ROTHESAY, N.B. — There comes a point in most promising young hockey players’ careers when they must make a decision between staying at home and moving away.
And so it was for 15-year-old Bradley Blake of Gander Bay. The former Central IcePak captain is now playing in Rothesay, N.B. for the Rothesay Netherwood School Riverhawks of the Midwest Prep Hockey League (MPHL).
“It’s cool, it’s lots of fun,” he told The Central Voice. “The hockey is good here and we go all over the place. We go to the States and we go to Ontario and places like that, western Canada, and it’s lots of fun.”
The league is made up of private schools from Quebec, Vermont, Ontario, New York, Ohio, Illinois and Pennsylvania.
Between academics, physical training, hockey practice, travel and competition, Blake’s plate is full. And it is not just limited to the hockey season. To prepare for this year, he attended a hockey academy in Montreal.
“We were in the gym six days a week and on the ice almost every day and it was training and training and training, and that’s what you have to do to play at this level,” he said.
The hard work has paid off with a selection to the Newfoundland and Labrador team for the Canada Winter Games in Red Deer, Alberta Feb. 15-March 3, 2019.
“He’s a great kid, he works hard in school, he works hard in the gym and he works hard on the ice.”
– Jeff Lewis
“That was an awesome feeling,” Bradley said. “I was talking to some of the people who played four years ago; they said it was the time of their life, it was an awesome experience. So, I’m just really looking forward to having the opportunity to represent my province at such a big event like that.”
Jeff Lewis, Rothesay Netherwood director of hockey, said the school is happy to have him.
“He’s adapted well,” Lewis said. “He’s still making the transition a little bit from Bantam as they all are; it’s bigger, faster, quicker hockey when you get to this level, but he’s doing really well.
“He’s a great kid, he works hard in school, he works hard in the gym and he works hard on the ice. He’s been a nice addition to our team for sure.”
Melissa Blake, Bradley’s mother, said advancing to an elite level is not just a commitment for the player, but for the entire family. Living in a small outport (Georges Point) with no local access to gyms and arenas, the Blakes maintained their own rink in a detached garage and converted their attached garage to a workout space so Bradley could practice and stay in shape at home.
“We kind of switched our whole house upside down for him,” Melissa said.
There was also a huge time and financial commitment. Last year, Bradley played for the Bantam AAA IcePak and practised with the Major Midget team.
“We were on the road three days a week, and then travelling to St.

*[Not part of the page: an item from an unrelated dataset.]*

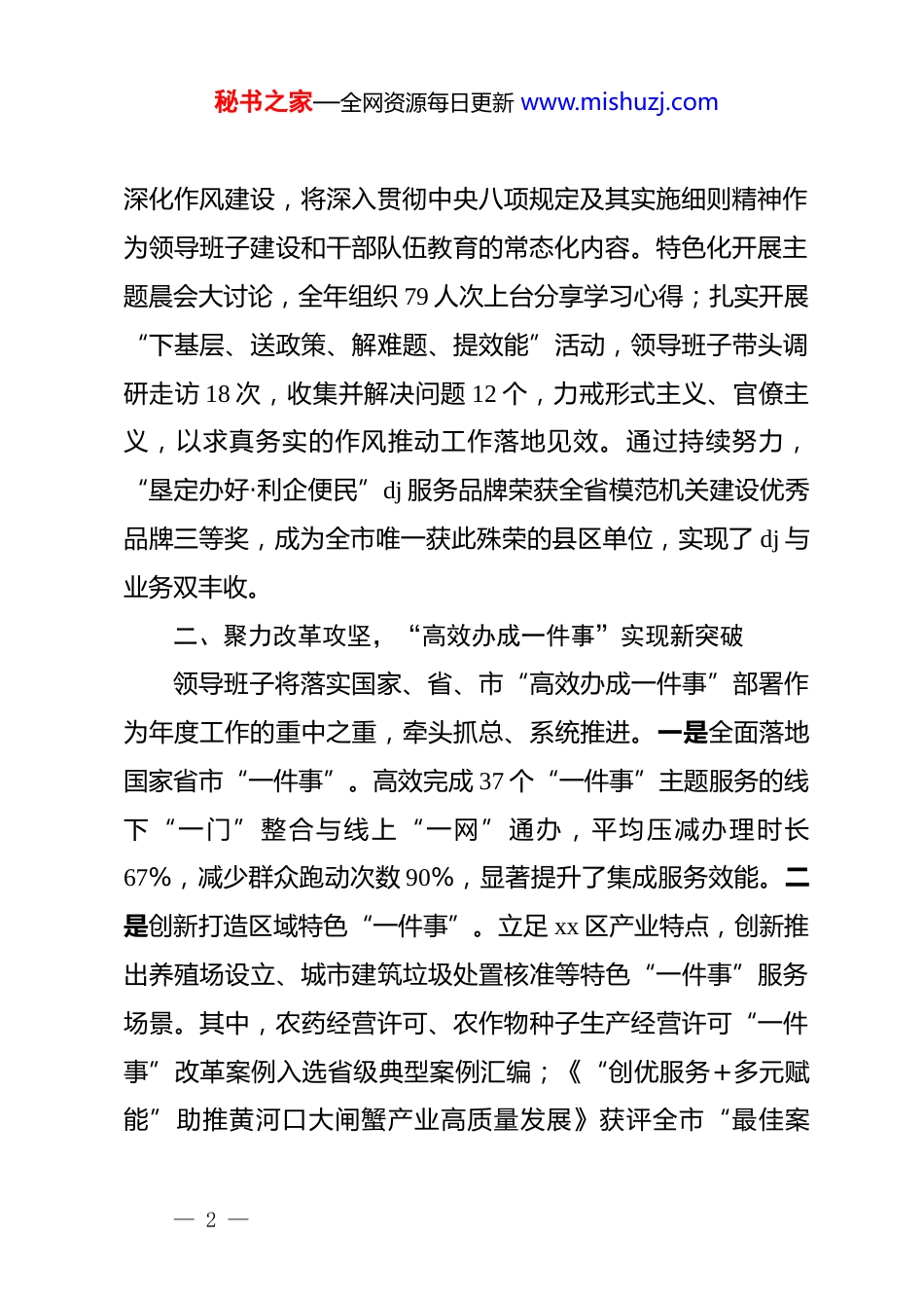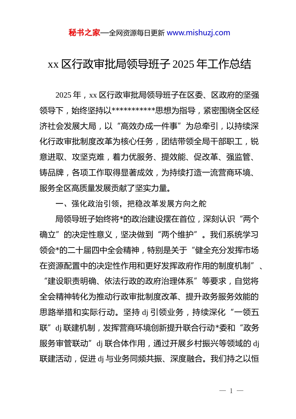 秘书之家—全网资源每日更新 www.mishuzj.comxx 区行政审批局领导班子 2025 年工作总结2025 年,xx 区行政审批局领导班子在区委、区政府的坚强领导下,始终坚持以***********思想为指导,紧密围绕全区经济社会发展大局,以“高效办成一件事”为总牵引,以持续深化行政审批制度改革为核心任务,团结带领全局干部职工,锐意进取、攻坚克难,着力优服务、提效能、促改革、强监管、铸品牌,各项工作取得显著成效,为持续打造一流营商环境、服务全区高质量发展贡献了坚实力量。一、强化政治引领,把稳改革发展方向之舵局领导班子始终将*的政治建设摆在首位,深刻认识“两个确立”的决定性意义,坚决做到“两个维护”。我们系统学习领会*的二十届四中全会精神,特别是关于“健全充分发挥市场在资源配置中的决定性作用和更好发挥政府作用的制度机制”、“建设职责明确、依法行政的政府治理体系”等要求,自觉将全会精神转化为推动行政审批制度改革、提升政务服务效能的思路举措和实际行动。坚持 dj 引领业务,持续深化“一领五联”dj 联建机制,发挥营商环境创新提升联合行动*委和“政务服务审管联动”dj 联合体作用,通过开展乡村振兴等领域的 dj联建活动,促进 dj 与业务同频共振、深度融合。我们持之以恒— 1 —秘书之家—全网资源每日更新 www.mishuzj.com深化作风建设,将深入贯彻中央八项规定及其实施细则精神作为领导班子建设和干部队伍教育的常态化内容。特色化开展主题晨会大讨论,全年组织 79 人次上台分享学习心得;扎实开展“下基层、送政策、解难题、提效能”活动,领导班子带头调研走访 18 次,收集并解决问题 12 个,力戒形式主义、官僚主义,以求真务实的作风推动工作落地见效。通过持续努力,“垦定办好·利企便民”dj 服务品牌荣获全省模范机关建设优秀品牌三等奖,成为全市唯一获此殊荣的县区单位,实现了 dj 与业务双丰收。二、聚力改革攻坚,“高效办成一件事”实现新突破领导班子将落实国家、省、市“高效办成一件事”部署作为年度工作的重中之重,牵头抓总、系统推进。一是全面落地国家省市“一件事”。高效完成 37 个“一件事”主题服务的线下“一门”整合与线上“一网”通办,平均压减办理时长67%,减少群众跑动次数 90%,显著提升了集成服务效能。二是创新打造区域特色“一件事”。立足 xx 区产业特点,创新推出养殖场设立、城市建筑垃圾处置核准等特色“一件事”服务场景。其中,农药经营许可、农作物种子生产经营许可“一件事”改革案例入选省级典型案例汇编;《“创优服务+多元赋能”助推黄河口大闸蟹产业高质量发展》获评全市“最佳案— 2 —秘书之家—全网资源每日更新 www.mishuzj.com例”;《“三位一体”优化营商环境赋能新能源产业高质量发展》经验被市委改革办刊发推广,彰显了改革的区域辨识度和实效性。三、聚焦标准规范,政务服务能力迈上新台阶领导班子深刻认识到标准化是提升服务质效的基础,全力推动政务服务标准化、规范化、便利化建设。一是健全标准化体系。组织编制涵盖业务流程、机制保障等 4 个方面的 438 件标准文件,为各项服务提供了清晰的操作规范和依据。2025 年12 月,政务服务标准化试点项目高标准通过省级验收,标志着标准化建设取得阶段性重大成果。二是提升线上服务能力。组织骨干力量对全区 37 个部门的 1615 项政务服务要素进行精准核查与网办能力测试,实现事项认领、清单编制、办事指南公开准确率“三个 100%”。建立问题“即查即改、跟踪复查”闭环机制,确保服务精准无误。三是拓展智慧服务模式。创新推出“云评审”“云管家”“视频办”“云导服”等“垦云办”智慧服务,打造“晶豆子带你看大厅”微视频品牌,发布 109期,点播超 160 万次,以生动形式解读政策、回应关切,打通了线上服务“最后一公里”。四、深化改革创新,重点领域审批释放新动能领导班子紧盯市场主体关切和项目建设需求,推动重点领— 3 —秘书之家—全网资源每日更新 www.mishuzj.com域改革走深走实。在企业开办领域,深化“6170”机制,推广住所标准化、企业迁移“一件事”改革,创新推出登记地...

John’s and to his home stadium, which was an hour-and-a-half each way,” Melissa said. “We were doing this three days a week and then every weekend we were travelling as well, so in the car we would be studying together while I was driving.”

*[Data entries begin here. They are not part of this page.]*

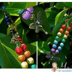 Бусы "Радуга" ручной работы, состав: деревянные бусы, вощеный шнур, хрустальные бусины, металлические бусины, фурнитура бронзового цвета, подвеска с камнями. Декоративный замочек в виде стрекозы засте...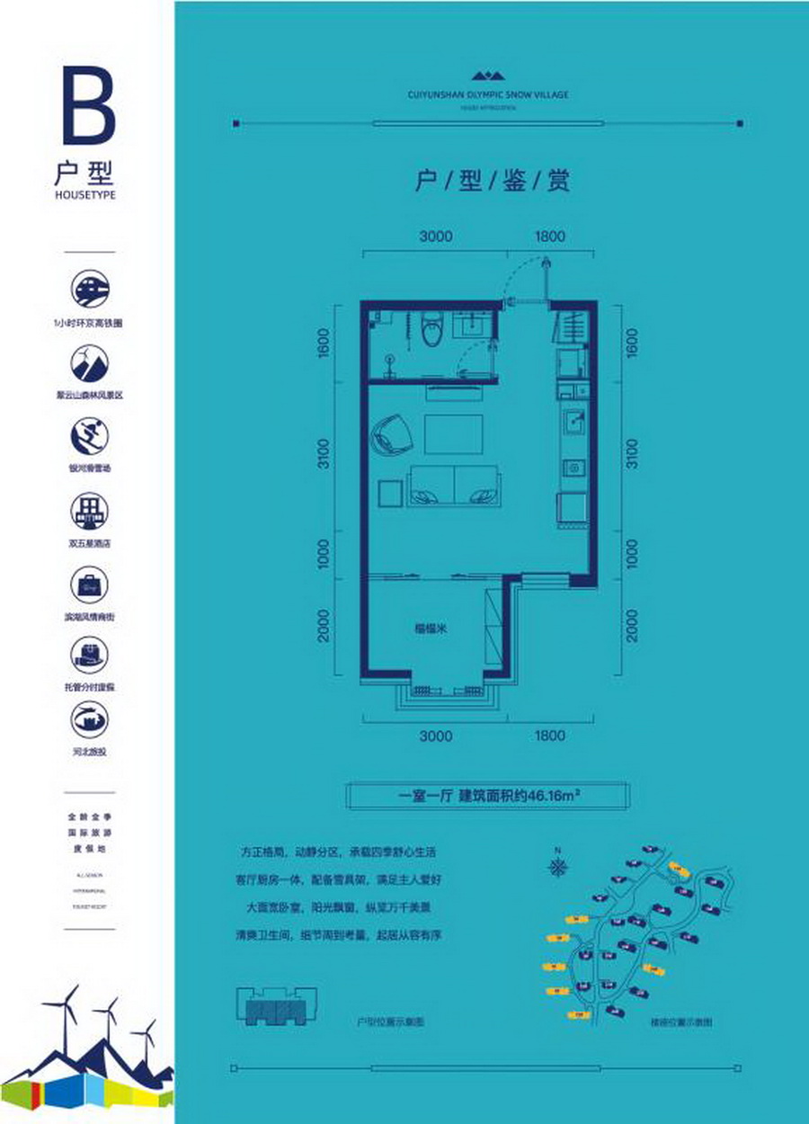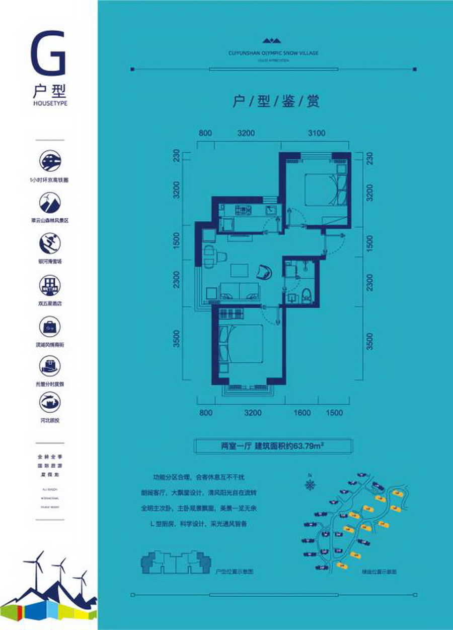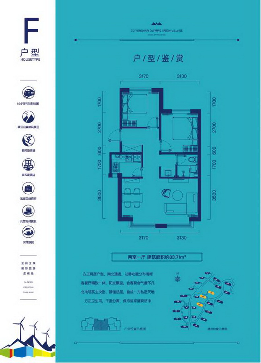 翠云山奥雪小镇紧邻张承高速崇礼北口,京张高铁城市首站端立项目内。作为冬奥配套项目,小镇依托京西排名前列雾山78平方公里翠云山而建,由实力国企河北旅投精工匠筑,是崇礼少有景区内70年大产权项目,坐享翠云山森林风景区、银河滑雪场成熟配套,双五星级度假酒店、华北排名前列奢侈品工厂店、温泉会议中心、非遗文创商街等环湖配套将逐步开放运营,是集滑雪运动、避暑养生、家庭度假、休闲娱乐于一体的全季全家庭度假乐园。以度假生活体验为核心,打造滑雪公寓、康养住宅、度假酒店三大度假产品体系。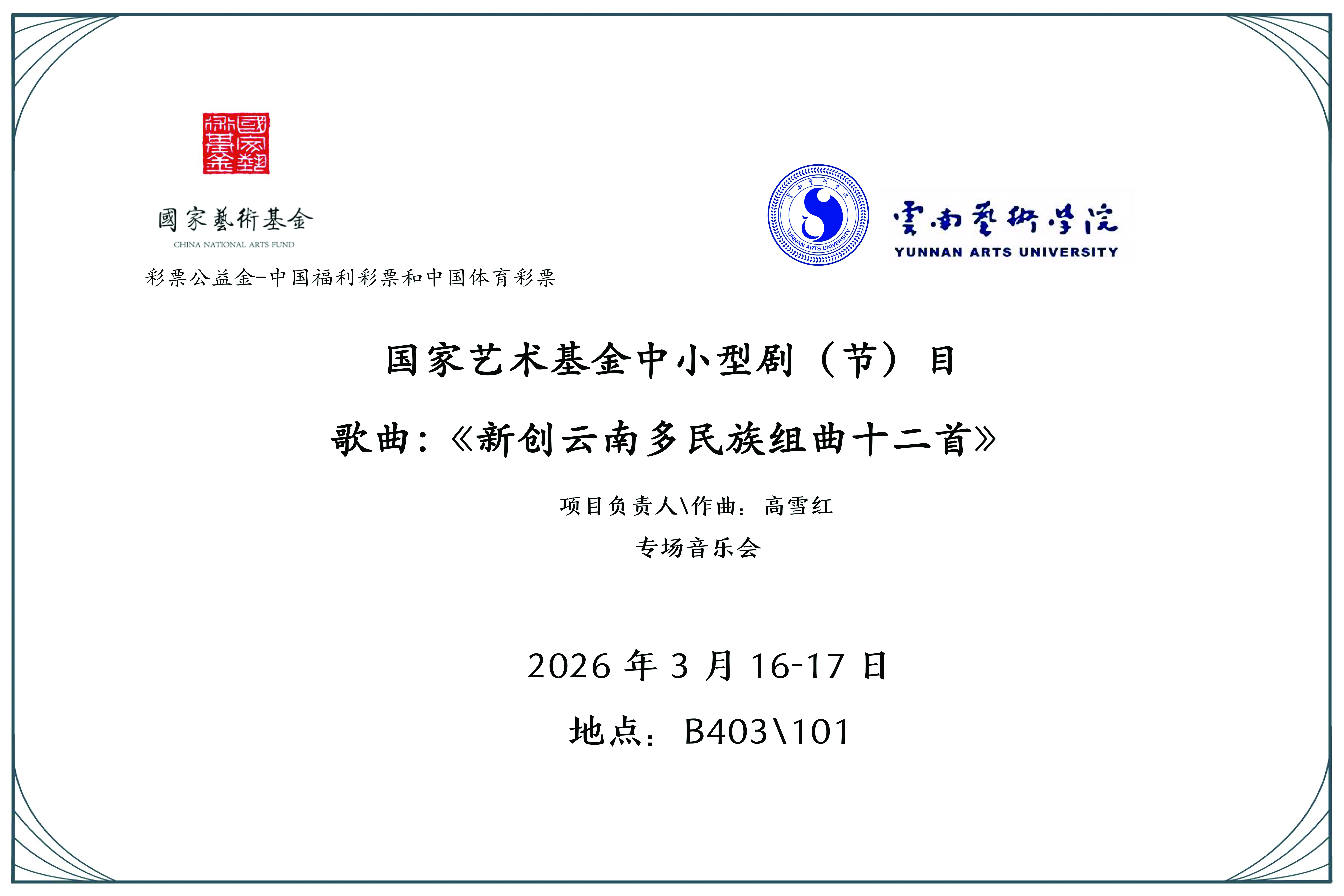 歌曲:《新创云南多民族组曲十二首》专场音乐会

And, of course, it is hard on a mom.
“Our lives went from being extremely busy every single day to not having him around, which is very difficult,” she said.
For his part, Bradley said it is sometimes tough being away from home, but he is a little less sentimental about it.

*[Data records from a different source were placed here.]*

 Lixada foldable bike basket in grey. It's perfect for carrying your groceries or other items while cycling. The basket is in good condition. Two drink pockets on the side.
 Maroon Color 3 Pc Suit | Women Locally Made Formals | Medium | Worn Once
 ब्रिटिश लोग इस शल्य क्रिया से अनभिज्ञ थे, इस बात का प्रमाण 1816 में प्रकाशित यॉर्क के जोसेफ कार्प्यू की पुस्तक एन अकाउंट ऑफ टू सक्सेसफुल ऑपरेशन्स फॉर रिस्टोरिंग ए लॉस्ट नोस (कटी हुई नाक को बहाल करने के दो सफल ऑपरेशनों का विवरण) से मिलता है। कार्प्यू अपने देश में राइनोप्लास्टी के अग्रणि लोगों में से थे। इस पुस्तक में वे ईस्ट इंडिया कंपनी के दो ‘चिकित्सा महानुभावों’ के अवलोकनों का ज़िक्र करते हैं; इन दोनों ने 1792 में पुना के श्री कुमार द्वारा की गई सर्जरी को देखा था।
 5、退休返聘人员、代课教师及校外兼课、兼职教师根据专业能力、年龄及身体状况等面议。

“I’m not the type of person to get homesick, I love adventures and doing different things and I love this whole program here,” he said.
In 2017-18, Blake racked up 18 goals and 12 assists in 39 games between regular season and playoffs in the Newfoundland and Labrador AAA Bantam league.
Ultimately, Blake has his eyes on a professional hockey career, but is taking it one step at a time.
“I guess you could say (the NHL is) the long-term goal, but right now I’m just looking to have a good year and maybe get drafted in the 2019 QMJHL (Quebec Major Junior) draft and maybe that could be my career for the next few years.”